Thursday, 7 February 2013

Hitting capacity


I was reading a post by agent Rachelle Gardner the other day about guarding your creativity and how excessive blog-hopping can be detrimental to being able to focus on your own creative projects. (I say this, linking you over to that blog. Damn those links! So sneaky...) I have to agree. With each new technology there seems to be more and more fragmentation of our attention. It used to be that a cracking book could consume me and cloud my ability to write, but now there are all these other things that can take my time and fill my head. Twitter is addictive, the blog-hopping so difficult to resist and facebook would slay me. Don't get me wrong, some can be extremely inspiring or randomly give me the plot clue or blogging idea I have been looking for, but it is still constantly more for my head to contend with. How are the fledgling ideas supposed to have a chance to be heard, let alone mull and grow?
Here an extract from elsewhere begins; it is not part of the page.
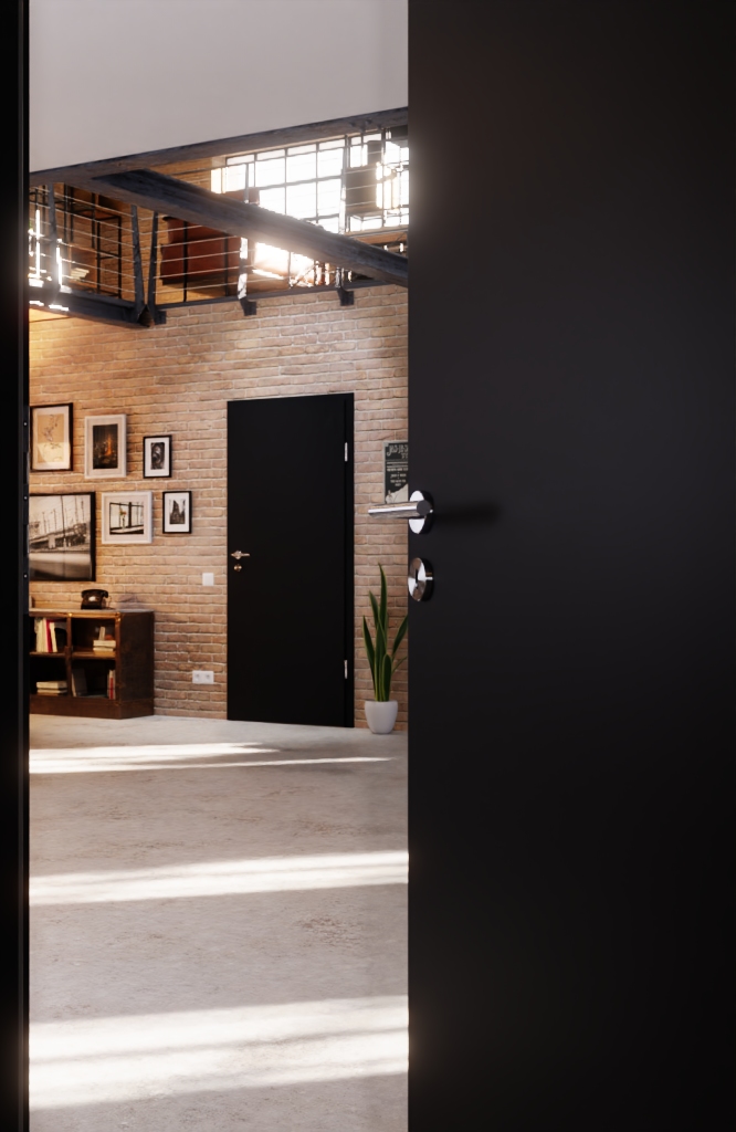 Wysokiej jakości drzwi wewnętrzne posiadają wykończenie z matowego lakieru oraz standardowo rdzeń z płyty wiórowej: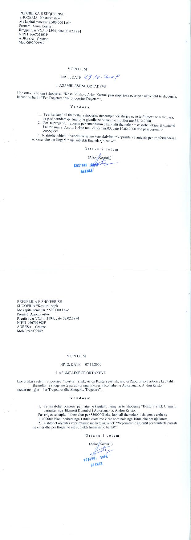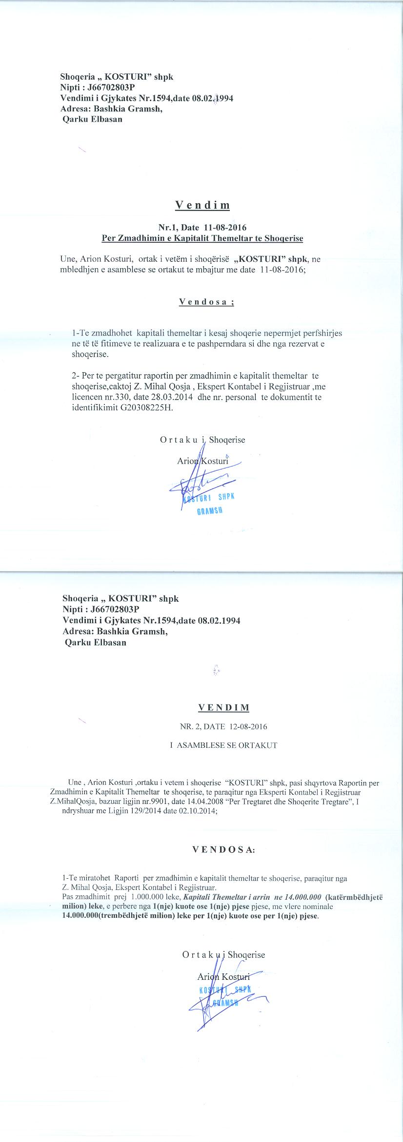 → Ekstrakti Historik I Regjistrit Tregtar date 04.08.2022 → Akt themelimi dhe Statuti i Shoqerise → Kontrate Dhurimi Kuotash date 11.12.2005 → Vendim i Ortakut te Vetem, Zmadhim Kapitali date 07.11.2009 → Vendim i Ortakut te Vetem, Zmadhim Kapitali date 23.12.2014 → Vendim i Ortakut te Vetem, Zmadhim Kapitali date 12.08.2016 |

As Gardner concludes, we need to find a balance. How true.  I'm fairly sure I hit my brain capacity a while ago, especially after I had the kids. In this light I find I relate to Homer Simpson, with his "one thing in, one thing out" policy. I only hope that it isn't an important thing that drops as I allow something random in, but you never can tell, can you?  In addition, all of that is just the friction of social media versus creativity. Bung in those unexpected real-life issues and something has to give somewhere. I’m in that triple mix at the moment and if I can just stay mindful of it, I'll fight to make it the social media that suffers and not the writing.

So tell me, how do you set your balance and what are the things that you safeguard?

2 comments:

  1. Hi Pernille

    As you may have spotted, for the month of February, I'm taking a Sabbatical from Twitter. I'm determined to break the back of this rewrite & didn't need the distraction. And just by deleting it from my favourites it's been easy to put out of my mind.

    I agree 100% with the idea that too much bloggery can kill creativity. Where most people's writing blogs are concerned - I'm rarely tempted. There's too much repetition for one thing. Either that or they are written by people with dubious credentials. The few I do enjoy, I leave to one side for times when I can enjoy reading them without feeling guilty.

    I allow half an hour or thereabouts each day for my Live Journal - which is less a blog & more a sort of 'daily pages' to get my writing muscles flexed.

    My writing time is 90% sacrosanct. 9.30-ish until around one o'clock six days a week. I leave space for a social life & the unexpected! By & large though - I try & put in the hours.



    ReplyDelete
  2. Great discipline, Carole. And sometimes all it takes is the decision to do it. It can all soon become routine. This month I've had to draw up a plan of what I need to get done, and everything is much clearer and it doesn't allow much room for random factors to creep in.

    Your deleting things from the favourites bar is an ace idea. Searching will become an effort.